T. S : Depuis la fondation de la compagnie en 2008, c’est celui sur lequel on a passé le plus de temps. Tout le spectacle est une performance.

N. B. : Les spectacles précédents nous ont aussi permis de développer un outil de contrôle de la lumière qui nous permet d’entrer en interaction avec les personnages, de mieux dialoguer la représentation.

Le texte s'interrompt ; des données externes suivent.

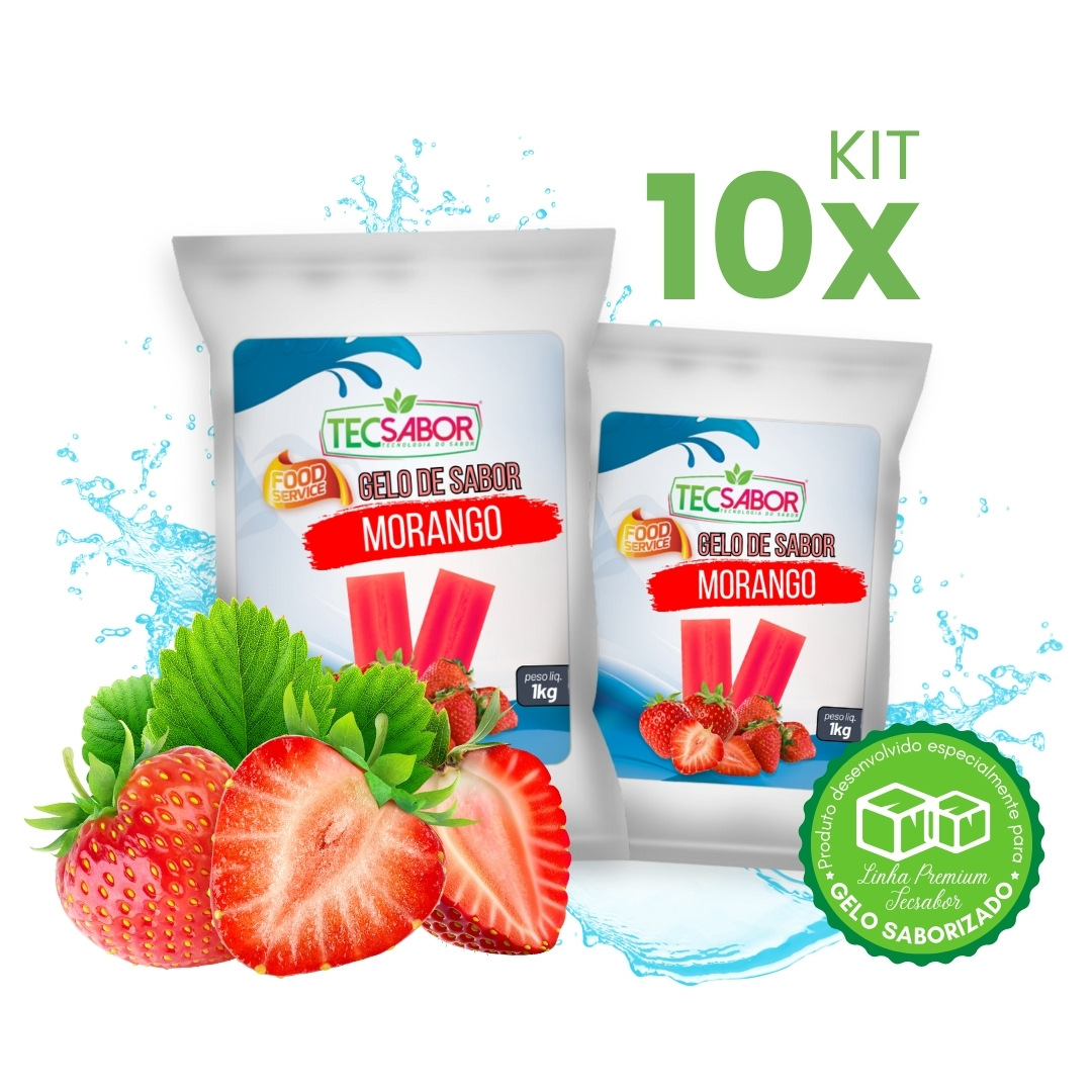 Kit com 10x bases para produção de gelo de sabor morango. Ideal para bebidas e consumo direto. Não mela, não solta pó e garante sabor consistente do inicio ao fim do seu drink.

A.-M. O. : On a beaucoup travaillé les images et le rythme de ces dernières. Le spectacle a déjà été présenté au Centre national des arts, à Ottawa, et au Carrousel à Québec ; les critiques ont souligné qu’on voit rarement une relation aussi fine et raffinée entre les éléments de jeu, de lumière et de son. Je le dis parce qu’on a passé beaucoup de temps là-dessus !

White Out est présenté du 2 au 4 juin au Théâtre Rouge du Conservatoire. La chambre des enfants est présenté dans la même salle, les 3 et 4 juin.